Genus of ray-finned fishes

Macolor is a genus of marine ray-finned fish, snappers belonging to the family Lutjanidae. They are native to the Indian Ocean and the western Pacific Ocean.

== Taxonomy ==
Macolor was described as a genus in 1860 by the Dutch physician, herpetologist and ichthyologist Pieter Bleeker. Bleeker used the name Macolor tautonymously as the type species was Cuvier’s Diacope macolor which Bleeker renamed, needlessly, Macolor typus. The name may be derived from macula, Latin for “spot” a reference to the white spotting on the otherwise black body of the juveniles of M. niger. The genus is placed within the subfamily Lutjaninae.

=== Species ===
The currently recognized species in this genus are:

| Species | Common name | Adult colouration | Juvenile colouration |
|---|---|---|---|
| Macolor macularis Fowler, 1931 | midnight snapper |  |  |
| Macolor niger (Forsskål, 1775) | black and white snapper |  |  |

== Characteristics ==
Macolor snappers are medium-sized with a relatively deep, oblong body. They have quite a large mouth which can be ptrotracted. Each jaw has an outer band of conical teeth which are enlarged into canine-like teeth at the front, on the inside of these are bands of bristle-like teeth, at the side in the upper jaw and set anteriorly in the lower jaw. The vomerine teeth are arranged a rough chevron there is no a median posterior extension. There is a deep incision on the lower edge of preopercle. The dorsal fin is continuous, there is no incision where the spiny and soft rayed part of the fin meet. The spiny part has 10 spines while the soft rayed part has 13 or 14 rays. The anal fin has 3 spines and 10 or 11 soft rays. Both the dorsal and anal fins are scaled. The pectoral fins are relatively elongate, roughly equal to the length of the head in adults The caudal fin is emarginate. The overall colour of the adults is largely blackish with a paler abdomen. They may have wavy dark lines on the head. The juveniles show a contrasting pattern of black with white spots on the back and flanks with a white underside and there is a black bar running through the eye.

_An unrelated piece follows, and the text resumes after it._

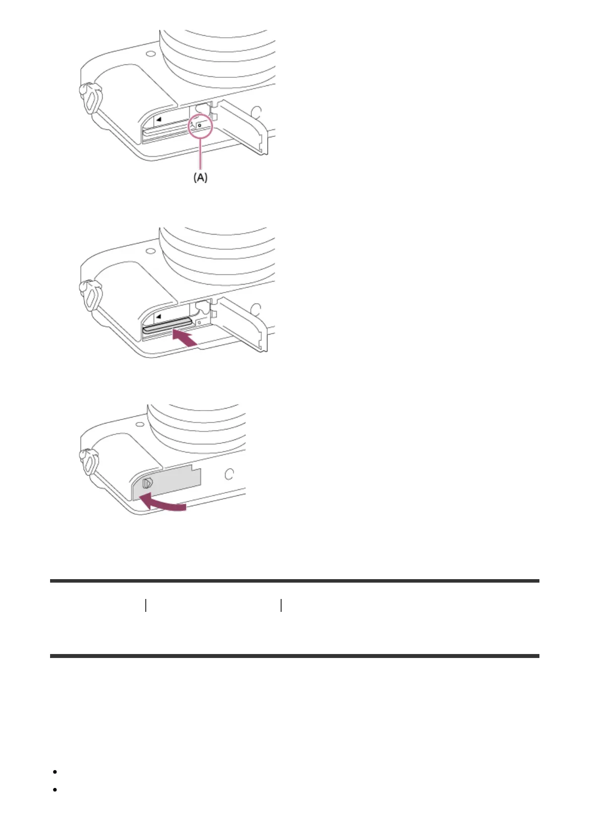 [21] How to Use Preparing the camera Inserting a memory card (sold separately)

== Distribution and habitat ==
Macolor snappers are found in the Indian and Western Pacific Oceans from the eastern coast of Africa east to Samoa, north to the Ryukyu Islands and south to Australia. They are an obvious part of the coral reefs within their range. These fish have a depth range of 5 to 40 m, although they have been recorded as deep as 90 m.

== Biology ==
Macolor snappers occur as adults as both solitary individuals and in schools while the juveniles are frequently observed near crinoids. Like other snappers they are predatory and their prey is mostly fishes and crustaceans.

== Fisheries ==
Macolor snappers are considered to be good eating and are frequently encountered in fish markets but in small numbers. They are typically sold fresh.